Но прочь этот предательский холод, прочь! Они узнают, изведают, каково это – не верить!.. А он, худенький, сероглазый, он будет женихом принцессы, дочери императора...
– Вели подать объяринное...
И отчего Маврушка так поглядывает?.. Ах, снова это несносное положение: кто-то что-то знает, ведает, желает вертеть-крутить ею по своему хотению, а она ничего не знает!..
И о платье объяринном, это Маврушка – неспроста!.. Но сейчас и додумывать некогда. Анна слишком занята своими мыслями. О чём? Она знает о чём!..
* * *
Карета едет медленно. Путь ухабистый. Большие колеса проваливаются в рытвины и колдобины... О Господи, неужто со времени давних выездов царицы Натальи Кирилловны на богомолье не чинена дорога?..
Анна продолжает дивиться себе. Откуда взялась в ней эта ироничность? Прежде, впрочем, бывало находило ребяческое озорство, надсмеяться по-детски... Или из этого детского озорства и выросла нынешняя ирония?.. Из всего прежнего выросла нынешняя Анна, только чёрточки, прежде едва приметные, вмиг разрослись в целостные свойства характера...
По одну сторону дороги – тёмное поле, на пару, незасеянное, по другую – лес тёмный – стеной стволов... Должно быть, хорошо в лесу теперь, ягоды первые, прохлада... Передать, что ли, просьбу – цепочкой – в государынину карету, чтобы остановили поезд хоть ненадолго... Ступить на травку, размяться...

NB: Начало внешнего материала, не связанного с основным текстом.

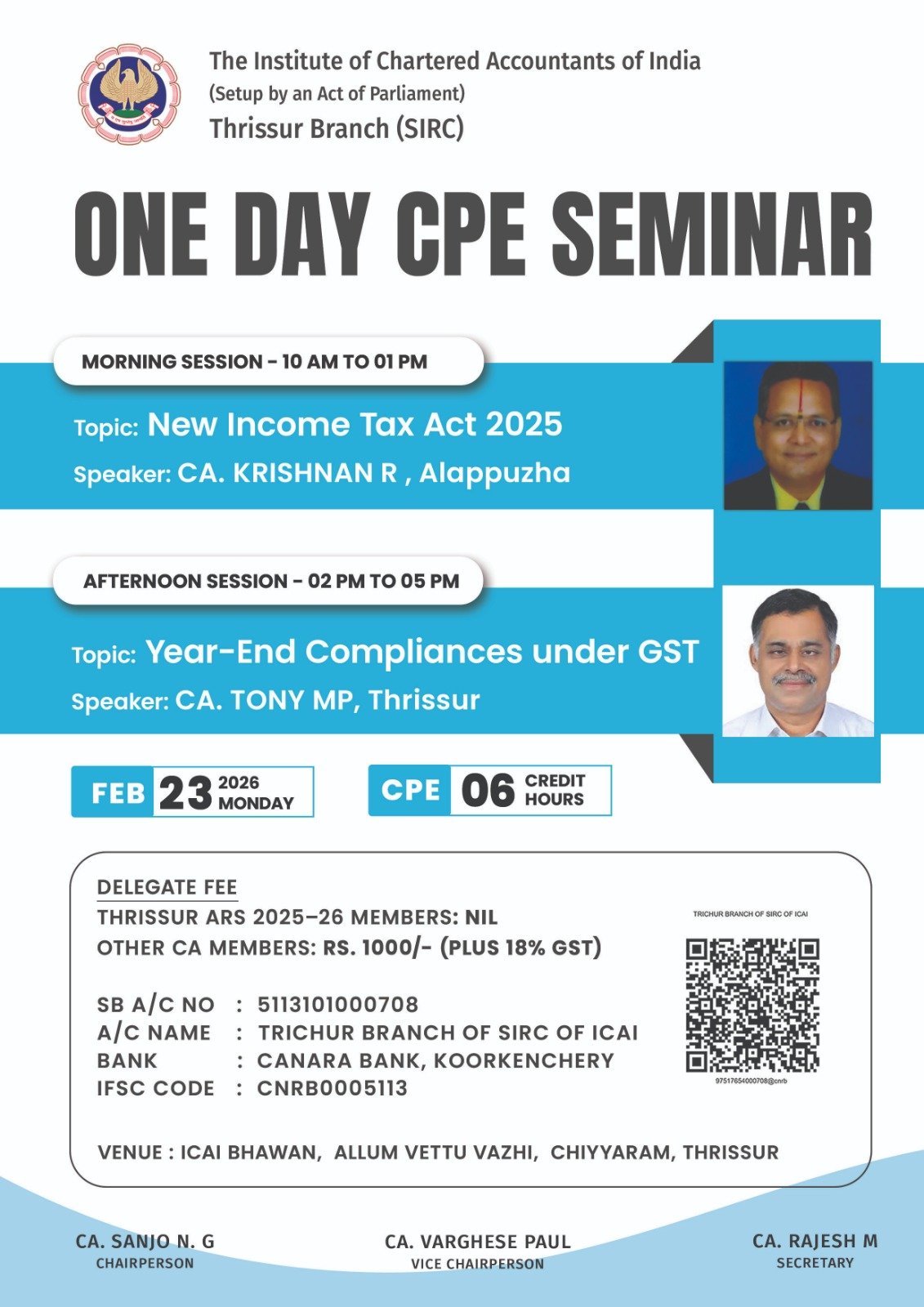 ONE DAY SEMINAR ON New Income Tax Act 2025" from 10.00AM to 01.00 by CA.KRISHNAN R, Alappuzha & "Year - End Compliances under GST" from 02.00 PM to 05.00 PM by CA.TONY M ,THRISSUR on 23rd,February 2026,Monday.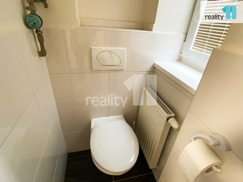 Dispozice bytu: kuchyně se spíží na potraviny a prostorem pro jídelní stůl, z kuchyně je vstup do obývacího pokoje a z něj dále do ložnice. Okna z obývacího pokoje a ložnice jsou orientována do klidného vnitrobloku. V předsíni je výklenek vhodný pro šatní skříň a vstup do koupelny a na samostatné WC. Součástí pronájmu je také sklepní kóje v suterénu domu.

Мадам д’Онуа ухватывает цепким глазом рассеянную улыбку своей питомицы. Эта, рассеянно-улыбчивая, чуть бесшабашно-равнодушная ко всему на свете, вдруг требующая подать пряников тарель до обеда, эта девочка похожа, должно быть, на своих бабок и тёток, все дни провождавших то в церкви, то в покоях столовых за кушаньем обильным, тучневших не в меру...
«Нет, – порешила Анна, – не надо передавать в царицыну карету просьбу об остановке...»
Но, право, что за путь, что за дорога такая! И сколько отец ни радеет, а всё кругом неладно! В самом простом и то неладно! Уж долго ли поправить дорогу?! А нет, ежели государь не возьмётся сам, не примется самолично за работами надзирать, ничего ведь не сделают! И отчего это?..
Всех троих девочек уже укачало. И мадам д’Онуа клевала носом. В дремоте ей чудилось что-то давнее, и от давности этой – близкое. Чьи-то руки, жёсткие, грубые мальчишечьи руки силком удерживают её, девчушку в короткой ещё юбочке, тащат в дом, в тёмную дверь... дом ощущается большим-большим... И в самый последний миг она видит с тоской, как резко и свободно уходит вверх от неё мощёная улица... И будто она уже тогда знала, как всё переменится в её жизни после тех дней... А ведь она тогда не знала... Но она не хочет памяти, не хочет всех этих воспоминаний о стыдном, тягостном, дурном существовании... Она мотает головой и просыпается, заставила себя проснуться...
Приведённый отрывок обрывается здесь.